::: MATERIAL SHOWN
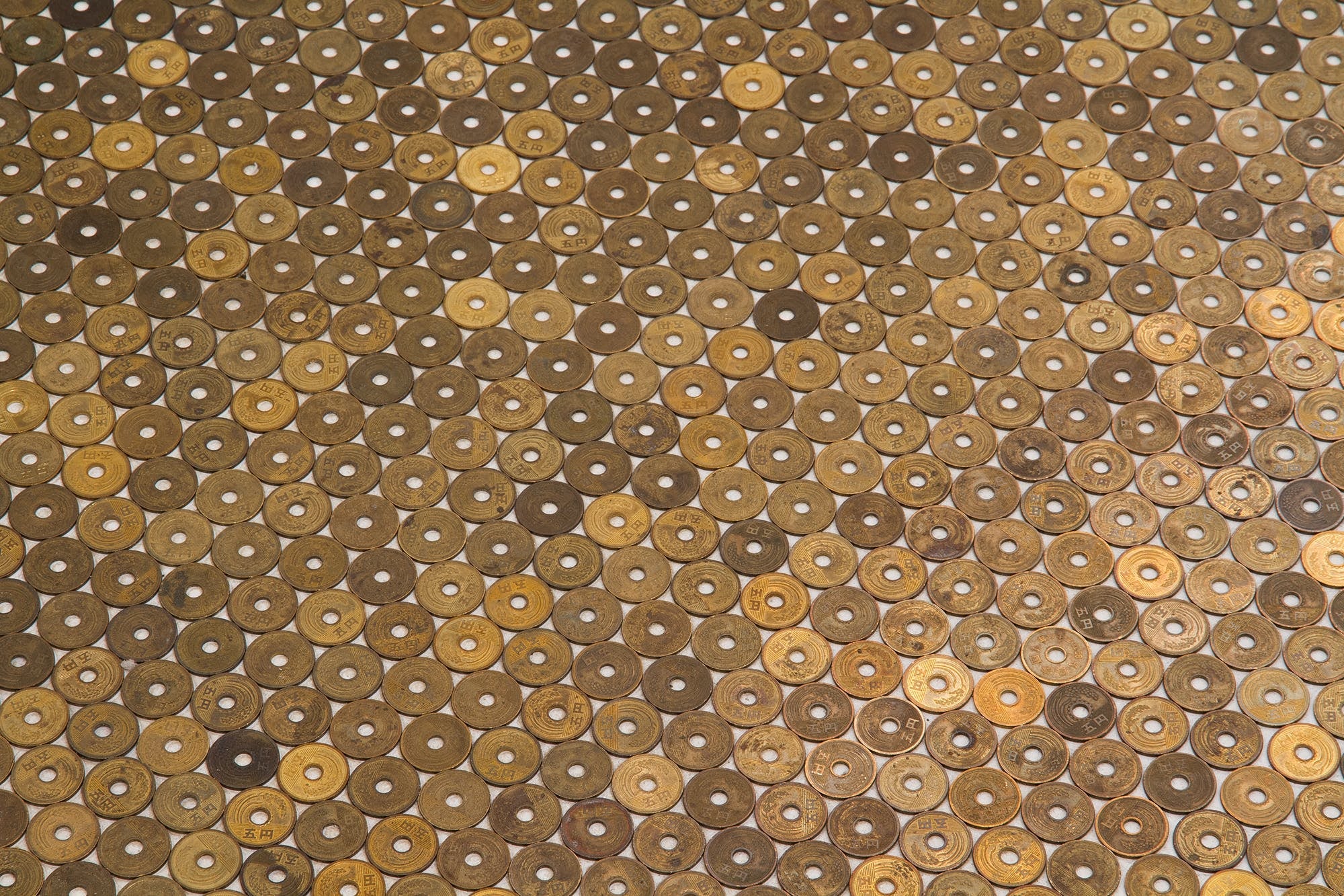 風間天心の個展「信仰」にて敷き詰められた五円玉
::::::
::: MATERIAL SHOWN
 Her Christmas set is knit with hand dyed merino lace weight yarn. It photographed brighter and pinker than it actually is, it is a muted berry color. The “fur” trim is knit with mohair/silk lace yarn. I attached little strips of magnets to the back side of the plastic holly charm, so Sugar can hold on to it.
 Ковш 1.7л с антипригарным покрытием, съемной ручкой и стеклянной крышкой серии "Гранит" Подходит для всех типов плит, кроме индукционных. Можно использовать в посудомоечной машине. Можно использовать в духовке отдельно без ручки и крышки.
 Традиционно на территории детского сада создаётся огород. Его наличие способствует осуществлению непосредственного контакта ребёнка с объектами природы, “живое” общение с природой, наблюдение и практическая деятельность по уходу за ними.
::::::
*WHAT TO PRODUCE*
Please reproduce, exactly as they appear above, the lines from the line containing "Ковш 1.7л с" up to and including the line containing "Традиционно на территории".

*YOUR RESPONSE*
 Ковш 1.7л с антипригарным покрытием, съемной ручкой и стеклянной крышкой серии "Гранит" Подходит для всех типов плит, кроме индукционных. Можно использовать в посудомоечной машине. Можно использовать в духовке отдельно без ручки и крышки.
 Традиционно на территории детского сада создаётся огород. Его наличие способствует осуществлению непосредственного контакта ребёнка с объектами природы, “живое” общение с природой, наблюдение и практическая деятельность по уходу за ними.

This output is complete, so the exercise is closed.